Jeni’s blood samples are streaked directly on sheep blood agar, a medium containing tryptic soy agar enriched with 5% sheep blood. (Blood is considered sterile; therefore, competing microorganisms are not expected in the medium.) The inoculated plates are incubated at 37 °C for 24 to 48 hours. Small grayish colonies surrounded by a clear zone emerge. Such colonies are typical of Listeria and other pathogens such as streptococci; the clear zone surrounding the colonies indicates complete lysis of blood in the medium, referred to as beta-hemolysis (Figure (PageIndex{6})). When tested for the presence of catalase, the colonies give a positive response, eliminating Streptococcus as a possible cause. Furthermore, a Gram stain shows short gram-positive bacilli. Cells from a broth culture grown at room temperature displayed the tumbling motility characteristic of Listeria (Figure (PageIndex{6})). All of these clues lead the lab to positively confirm the presence of Listeria in Jeni’s blood samples.

Exercise (PageIndex{4})

How serious is Jeni’s condition and what is the appropriate treatment?

Key Concepts and Summary

  • Aerobic and anaerobic environments can be found in diverse niches throughout nature, including different sites within and on the human body.
  • Microorganisms vary in their requirements for molecular oxygen. Obligate aerobes depend on aerobic respiration and use oxygen as a terminal electron acceptor. They cannot grow without oxygen.
  • Obligate anaerobes cannot grow in the presence of oxygen. They depend on fermentation and anaerobic respiration using a final electron acceptor other than oxygen.
  • Facultative anaerobes show better growth in the presence of oxygen but will also grow without it.
  • Although aerotolerant anaerobes do not perform aerobic respiration, they can grow in the presence of oxygen. Most aerotolerant anaerobes test negative for the enzyme catalase.
  • Microaerophiles need oxygen to grow, albeit at a lower concentration than 21% oxygen in air.
  • Optimum oxygen concentration for an organism is the oxygen level that promotes the fastest growth rate. The minimum permissive oxygen concentration and the maximum permissive oxygen concentration are, respectively, the lowest and the highest oxygen levels that the organism will tolerate.
  • Peroxidase, superoxide dismutase, and catalase are the main enzymes involved in the detoxification of the reactive oxygen species. Superoxide dismutase is usually present in a cell that can tolerate oxygen. All three enzymes are usually detectable in cells that perform aerobic respiration and produce more ROS.
  • A capnophile is an organism that requires a higher than atmospheric concentration of CO2 to grow.

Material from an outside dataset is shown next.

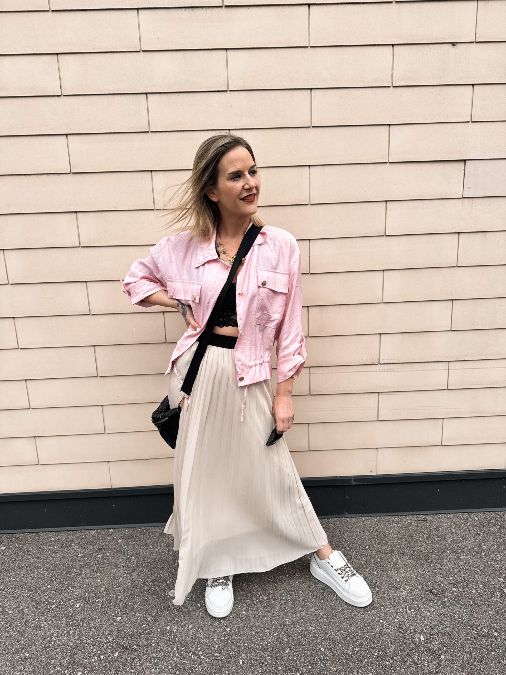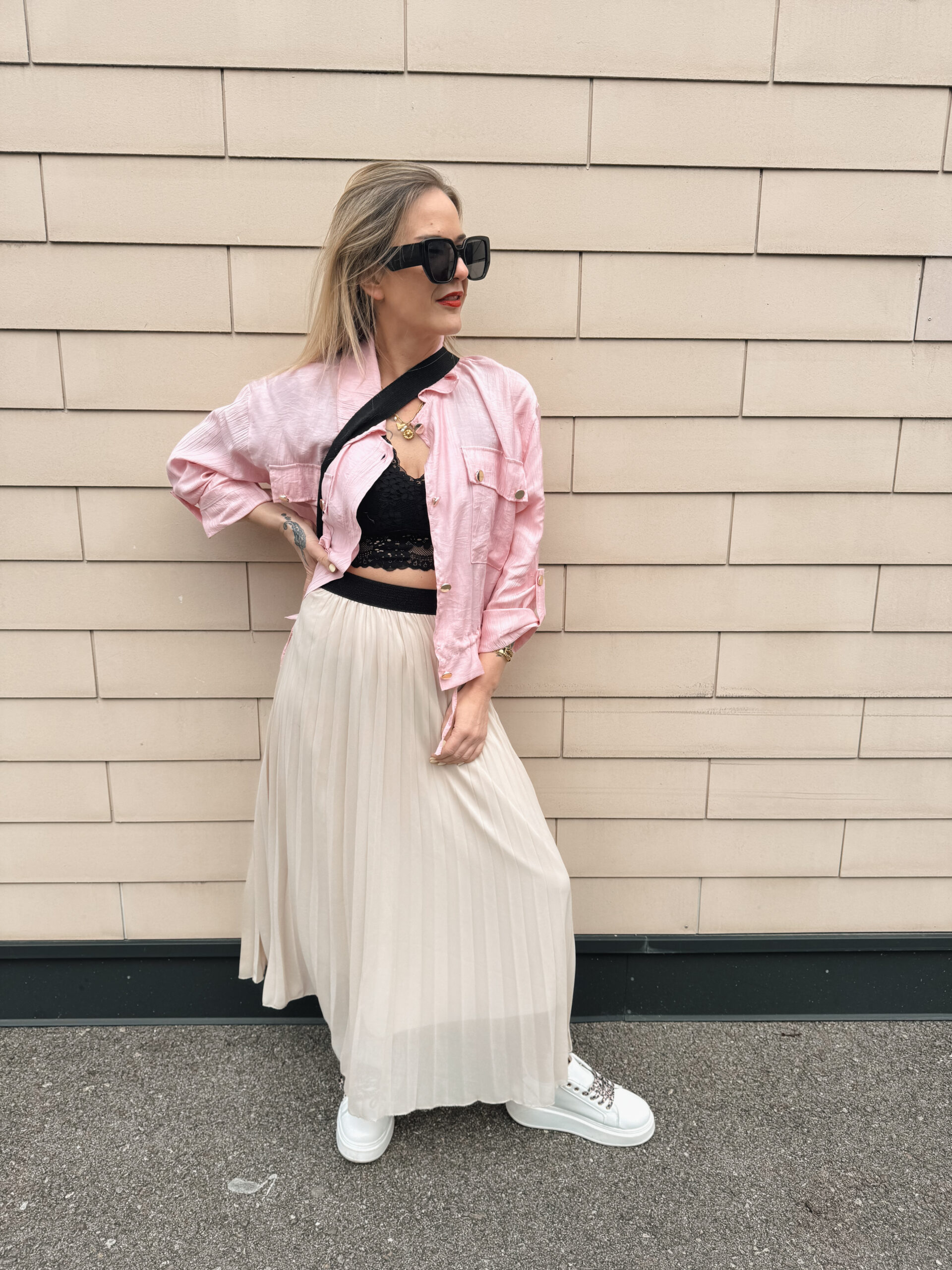 NS 08 – Plissierter Chiffonrock Beige, Hellblau, Rosa

Oxygen Requirements of Microorganisms

Many ecosystems are still free of molecular oxygen. Some are found in extreme locations, such as deep in the ocean or in earth’s crust others are part of our everyday landscape, such as marshes, bogs, and sewers. Within the bodies of humans and other animals, regions with little or no oxygen provide an anaerobic environment for microorganisms. (Figure 7.9).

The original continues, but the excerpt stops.